→ **Data shown**:

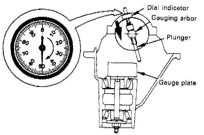 (d) Position the plunger on the gauge plate. Move the gauging arbor slowly back and forth and locate the position at which the dial indicator shows the greatest deflection. At this point, once again set the dial indicator to "0" Repeat the procedure to verify the "0" setting.
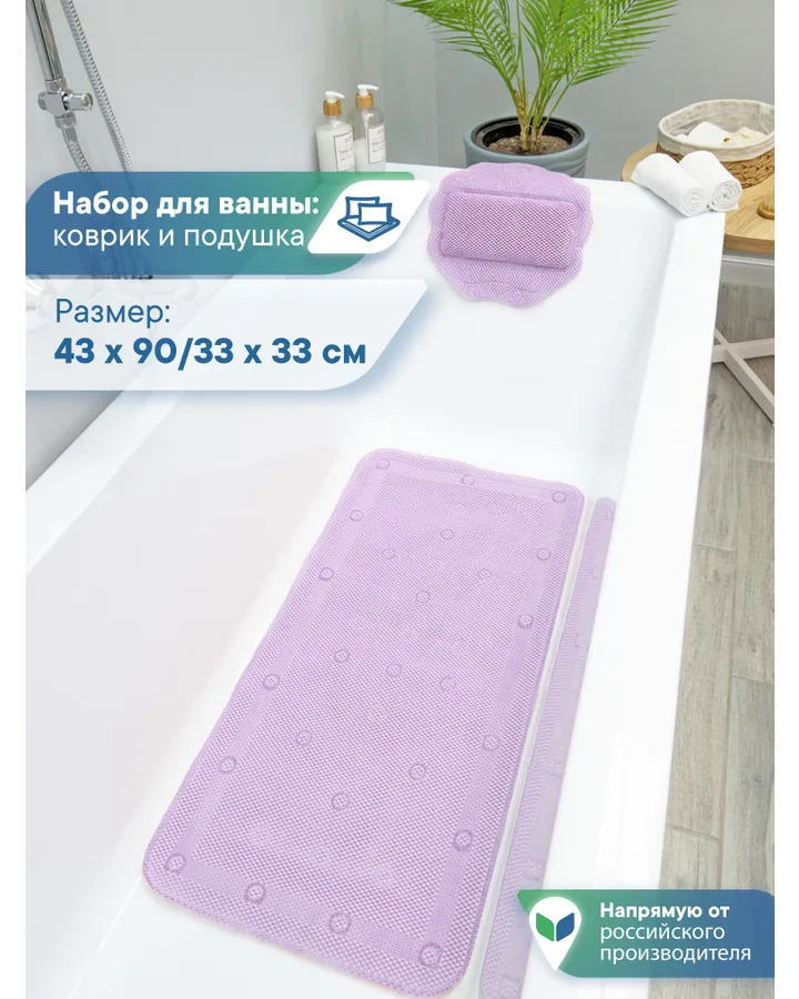 Коврик для ванной VILINA лаванда 43 x 90 см 1 шт.Коврик хороший, присоски держат хорошо, В использовании уже полгода нареканий нет.
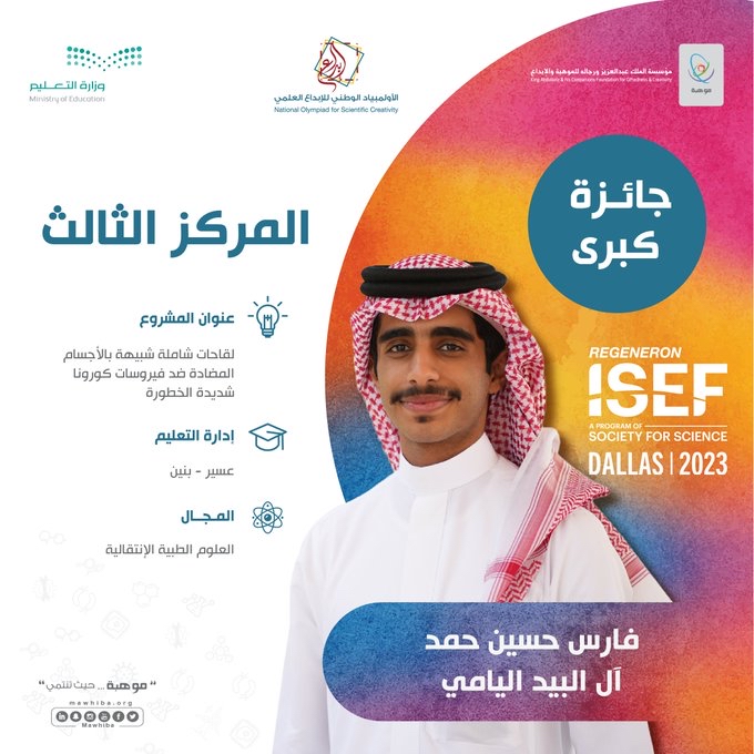 وفاز الطالب فارس اليامي بإدارة تعليم عسير بالمركز الثالث عن مشروعه النوعي ”لقاحات شاملة شبيهة بالأجسام المضادة ضد فيروسات كورونا شديدة الخطورة“ في مجال العلوم الطبية الانتقالية.
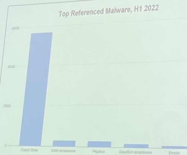 Un tipo de malware común que Recorded Future ha visto un “aumento real” en el uso en los últimos años son los ladrones de información. Esta información robada luego se vende en la dark web. Wilmington destaca que los ladrones de información toman una huella digital de su navegador y luego se tomará cualquier cosa que se haga en esa ventana, y las personas pueden comprar eso en línea. “Puedo decir: ‘Si compro esta credencial por $20, ¿a qué me da acceso? ¿Y viene con una cookie de sesión también para que pueda saltar?’”, explica Wilmington. Según Wilmington, Raccoon Stealer fue uno de los ladrones de información más populares este año. Sin embargo, “hizo una pausa” en marzo de 2022. Los actores de amenazas luego cambiaron de Raccoon a Mars Stealer, MetaStealer, BlackGuard, RedLine y Vidar. A fines del primer semestre de 2022, Raccoon Stealer 2.0 surgió y volvió a ganar popularidad. Wilmington continúa mostrando un gráfico del malware de mayor referencia utilizado en ataques cibernéticos durante el primer semestre de 2022. Cobalt Strike toma la delantera por un amplio margen:

→ **Work to complete**: Write out the data in full and exactly as given, though without the images.

→ **Solved problem**:
 (d) Position the plunger on the gauge plate. Move the gauging arbor slowly back and forth and locate the position at which the dial indicator shows the greatest deflection. At this point, once again set the dial indicator to "0" Repeat the procedure to verify the "0" setting.
 Коврик для ванной VILINA лаванда 43 x 90 см 1 шт.Коврик хороший, присоски держат хорошо, В использовании уже полгода нареканий нет.
 وفاز الطالب فارس اليامي بإدارة تعليم عسير بالمركز الثالث عن مشروعه النوعي ”لقاحات شاملة شبيهة بالأجسام المضادة ضد فيروسات كورونا شديدة الخطورة“ في مجال العلوم الطبية الانتقالية.
 Un tipo de malware común que Recorded Future ha visto un “aumento real” en el uso en los últimos años son los ladrones de información. Esta información robada luego se vende en la dark web. Wilmington destaca que los ladrones de información toman una huella digital de su navegador y luego se tomará cualquier cosa que se haga en esa ventana, y las personas pueden comprar eso en línea. “Puedo decir: ‘Si compro esta credencial por $20, ¿a qué me da acceso? ¿Y viene con una cookie de sesión también para que pueda saltar?’”, explica Wilmington. Según Wilmington, Raccoon Stealer fue uno de los ladrones de información más populares este año. Sin embargo, “hizo una pausa” en marzo de 2022. Los actores de amenazas luego cambiaron de Raccoon a Mars Stealer, MetaStealer, BlackGuard, RedLine y Vidar. A fines del primer semestre de 2022, Raccoon Stealer 2.0 surgió y volvió a ganar popularidad. Wilmington continúa mostrando un gráfico del malware de mayor referencia utilizado en ataques cibernéticos durante el primer semestre de 2022. Cobalt Strike toma la delantera por un amplio margen:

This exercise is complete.